Google’s Latest Video Generation Model
Google has released Veo 3.1, an updated version of its AI video generator that now includes audio across all features and introduces new editing capabilities. The timing is interesting—it comes as OpenAI’s Sora 2 app has been climbing app store charts and sparking conversations about AI-generated content flooding social media platforms.
Veo 3.1 seems positioned as more of a professional alternative to Sora 2’s viral, social media-focused approach. OpenAI launched Sora 2 with a TikTok-style interface that prioritizes sharing and remixing, which helped it reach 1 million downloads within five days and hit the top spot in Apple’s App Store.

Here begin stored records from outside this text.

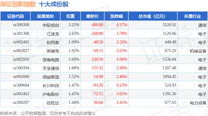 证券之星消息,11月6日,深证创新(399016)指数报收于5724.23点,涨2.02%,成交1653.67亿元,换手率2.61%。当日该指数成份股中,上涨的有84家,麦格米特以10.0%的涨幅领涨,下跌的有16家,航天智造以4.44%的跌幅领跌。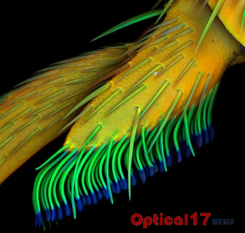德國基爾克里斯蒂安-阿爾布萊希特大學(xué)動物學(xué)研究所的簡-米歇爾斯(Jan Michels)使用熒光顯微技術(shù)拍攝到長角牛甲蟲的腿部.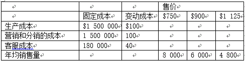 Huzdom公司采用生命周期法來計算產(chǎn)品成本,其生命周期為5年,研發(fā)費用是$1 000 000,設計和檢測費用是$2 000 000。在不同的銷售價格下年固定成本和單位變動成本如下所示:
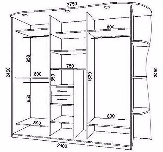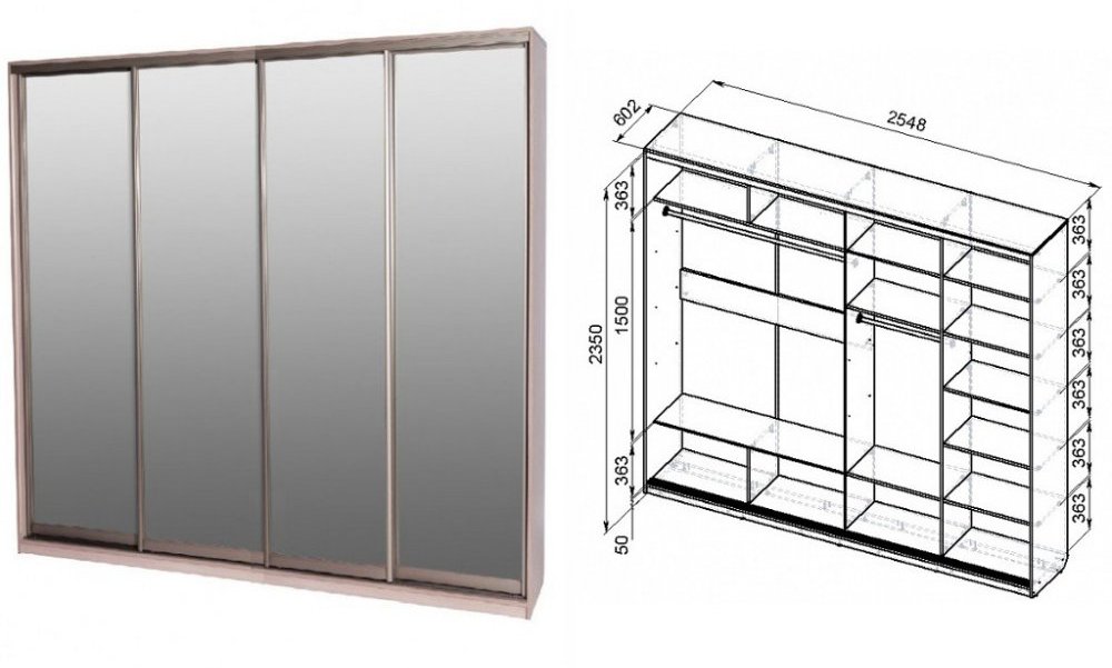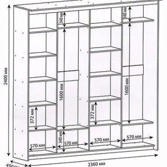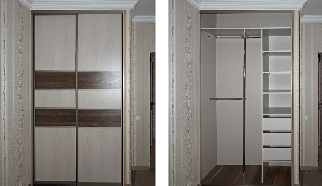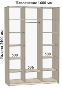 A peculiaridade da estrutura desses armários é que suas portas se afastam, como as portas dos compartimentos de um trem, e não se abrem da maneira usual. Devido a isso, tal estrutura pode ser convenientemente localizada em um corredor apertado ou em um corredor estreito. As dimensões típicas oferecidas em showrooms de móveis podem nem em todos os casos caber no espaço da sala.

New Features and Capabilities
The updated model lets users create videos with synchronized ambient noise, dialogue, and Foley effects. There’s an “Ingredients to Video” tool that combines multiple reference images into a single scene, which sounds promising but has some limitations in practice.
Other features include “Frames to Video” for generating transitions between starting and ending images, and “Extend” which creates clips lasting up to a minute by continuing motion from existing videos. The editing tools allow users to add or remove elements from generated scenes with automatic shadow and lighting adjustments.
The model generates videos in 1080p resolution at horizontal or vertical aspect ratios and is available through Flow for consumer use, the Gemini API for developers, and Vertex AI for enterprise customers.
Performance and Limitations
Testing reveals some interesting patterns. Veo 3.1 shows definite improvement over its predecessor in text-to-video mode, handling coherence well and demonstrating better understanding of contextual environments. It works across different styles from photorealism to stylized content.
But there’s a tradeoff—the model prioritizes coherence over fluidity, making it challenging to generate fast-paced action. Elements move more slowly but maintain consistency throughout clips. For rapid movement, other models like Kling still lead, though they require more attempts to get usable results.
Where things get tricky is with image-to-video generation, which was actually one of Veo’s strengths in previous versions. In this update, when using different aspect ratios as starting frames, the model struggled to maintain the coherence levels it once had. If the prompt strays too far from what would logically follow the input image, Veo 3.1 tends to generate incoherent scenes or clips that jump between locations.
Audio and Dialogue Generation
This might be Google’s strongest selling point. Veo 3.1 handles lip sync better than any other model currently available. In text-to-video mode, it generates coherent ambient sound that matches scene elements, and the dialogue, intonation, voices, and emotions are quite accurate.
However, when you try image-to-video with dialogue, the same issues from standard image-to-video generation appear. The model prioritizes coherence so heavily that it often ignores prompt adherence and reference images. In testing, it generated completely different subjects than the reference images provided, making the results useless for certain applications.
Market Context and Pricing
The AI video generation market has become quite crowded in 2025. You’ve got Runway’s Gen-4 targeting filmmakers, Luma Labs offering fast generation for social media, Adobe integrating Firefly Video into Creative Cloud, and updates from various companies targeting realism, sound generation, and prompt adherence.
Pricing is worth noting—Veo 3.1 is currently among the most expensive video generation models, on par with Sora 2 and only behind Sora 2 Pro. Free users get 100 monthly credits to test the system, which translates to about five videos per month. Through the Gemini API, Veo 3.1 costs approximately $0.40 per second of generated video with audio, while a faster variant called Veo 3.1 Fast costs $0.15 per second.
For professional use cases where audio quality and lip sync matter most, Veo 3.1 might be worth considering. But for other applications, particularly those requiring strict adherence to reference images, alternative models might serve better.